The 1990s was an excellent time for thrillers, sometimes erotic: Basic Instinct, Wild Things, sometimes action-orientated: Breakdown, Mercury Rising, and sometimes forgotten…So, let’s look at ten thrillers from the 1990s that deserve a little more love.

 

1. Snake Eyes (1998)

Snake Eyes (1998) Into the Arena

Nicolas Cage plays a shady Atlantic City cop who must piece together murderous events in Brian De Palma’s highly stylised labyrinthine 90s thriller. It’s fight night in Atlantic City. Detective Rick Santoro (Nicolas Cage) is with his old friend, Commander Kevin Dunne (Gary Sinise), who is head of security in protecting the U.S. Secretary of Defence.

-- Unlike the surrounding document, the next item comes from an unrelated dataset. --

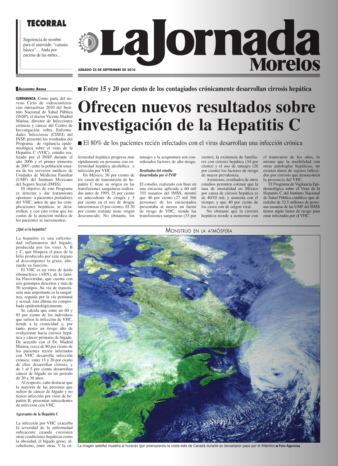 Como parte del noveno Ciclo de videoconferencias interactivas 2010 del Instituto Nacional de Salud Pública (INSP), el doctor Vicente Madrid Marina, director de Infecciones crónicas y cáncer del Centro de Investigación sobre Enfermedades Infecciosas (CISEI) del INSP, presentó los resultados del Programa de vigilancia epidemiológica sobre el virus de la Hepatitis C (VHC), estudio realizado por el INSP durante el año 2006 y el primer trimestre de 2007, entre la población usuaria de los servicios médicos de Unidades de Medicina Familiar (UMF) del Instituto Mexicano del Seguro Social (IMSS). El objetivo de este Programa es detectar y dar tratamiento oportuno a pacientes portadores del VHC, antes de que las complicaciones hepáticas se desarrollen, y con esto evitar que los costos de la atención médica de los pacientes se incrementen. La hepatitis es una enfermedad inflamatoria del hígado, producida por los virus A, B y C, que bloquea el paso de la bilis producido por este órgano al descomponer la grasa, alterando su función. El VHC es un virus de ácido ribonucleico (ARN), de la familia Flaviviridae, que cuenta con seis genotipos descritos y más de 50 serotipos. Su vía de transmisión más importante es la sanguínea, seguida por la vía perinatal y sexual, ésta última no comprobada epidemiológicamente. Se calcula que entre un 60 y 85 por ciento de los individuos que sufren la infección de VHC, tiende a la cronicidad y, por tanto, posee un riesgo alto de evolucionar hacia cirrosis hepática y cáncer primario de hígado. De acuerdo con el Dr. Madrid Marina, cerca de 80 por ciento de los pacientes recién infectados con VHC desarrolla infección crónica; entre 15 y 20 por ciento de ellos desarrollan cirrosis, y de 1 al 5 por ciento desarrollan cáncer de hígado en un periodo de 20 a 30 años. Al respecto, cabe destacar que la mayoría de las personas que sufren de cáncer de hígado y no tienen infección por virus de hepatitis B, presentan antecedentes de infección con VHC. |

A boxing match begins between heavyweight champion Lincoln Tyler (Stan Shaw) and challenger Jose Pacifico (Ruiz Adam Flores). During the fight, Commander Dunne is distracted by a mysterious redhead and follows her away from the fight. Another woman, Julia Costello (Carla Gugino), dressed in a white suit with a platinum blonde wig, sits beside Rick and confronts the Secretary of Defence about a government cover-up. In a tour-de-force sequence, a gunshot rings out, and the Secretary of Defence is shot; Rick pulls Julia to safety, with her wig falling to the ground. There’s pandemonium in the arena as everyone runs for the exit, leaving Rick searching for the truth.

The film begins with one of those long Steadicam tracking shots that tell you that Brian De Palma is making a ‘Brian De Palma film.’ The opening shot follows Cages’ tainted Detective through the Atlantic City arena, revealing an inner world away from the storm brewing outside. He proclaims to his buddy Commander Dunne, “It’s my sewer… Everybody knows me…I was made for this sewer baby, and I am the king.” So, with this baseline in the real-time narrative of Snake Eyes, we witness the detective’s worldview change as he gets closer to the truth – and becomes a better man by the final reel.

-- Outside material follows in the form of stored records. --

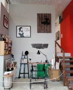 L’atelier de Miss.Tic reconstitué à l’entrée de l’exposition . Photo db
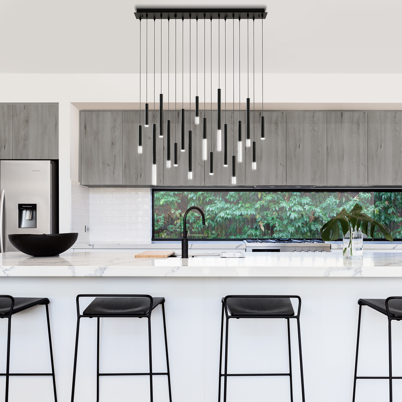A decorative pendant made from cylinders and light guides of differing lengths that create an artistic random pattern. Comes out of the box in a pre-arranged random pattern. Can be re-adjusted any time after installation.
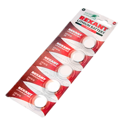 Элемент питания литиевый CR1616 Rexant, 3 V 50 mAh, 5 шт/упак

De Palma utilises Kurosawa’s ‘Rashomon effect’ with a series of inventive flashbacks and points of view as Cage’s Rick Santoro puts the pieces back in De Palma’s jigsaw narrative. De Palma deploys all his film grammar arsenal – spectacular overhead tracking shots, complex Steadicam shots, swish-pans and split diopter compositions, culminating in a stylish, well-paced thriller from the modern master of suspense.

 

2. Extreme Measures (1996)

Extreme Measures (1996)

A patient arrives in the emergency room at a New York hospital; he’s bald, in his forties, naked and has convulsions. Dr Guy Luthan (Hugh Grant) examines the patient and learns he’s called Claude Minkins (Shaun Austin-Olsen); distressed, Claude tells Guy to go to “the room”. Unable to save him, let alone understand him, Claude dies, and when Guy goes looking for the autopsy report, he discovers that the patient’s records are missing and that Claude’s body has also disappeared.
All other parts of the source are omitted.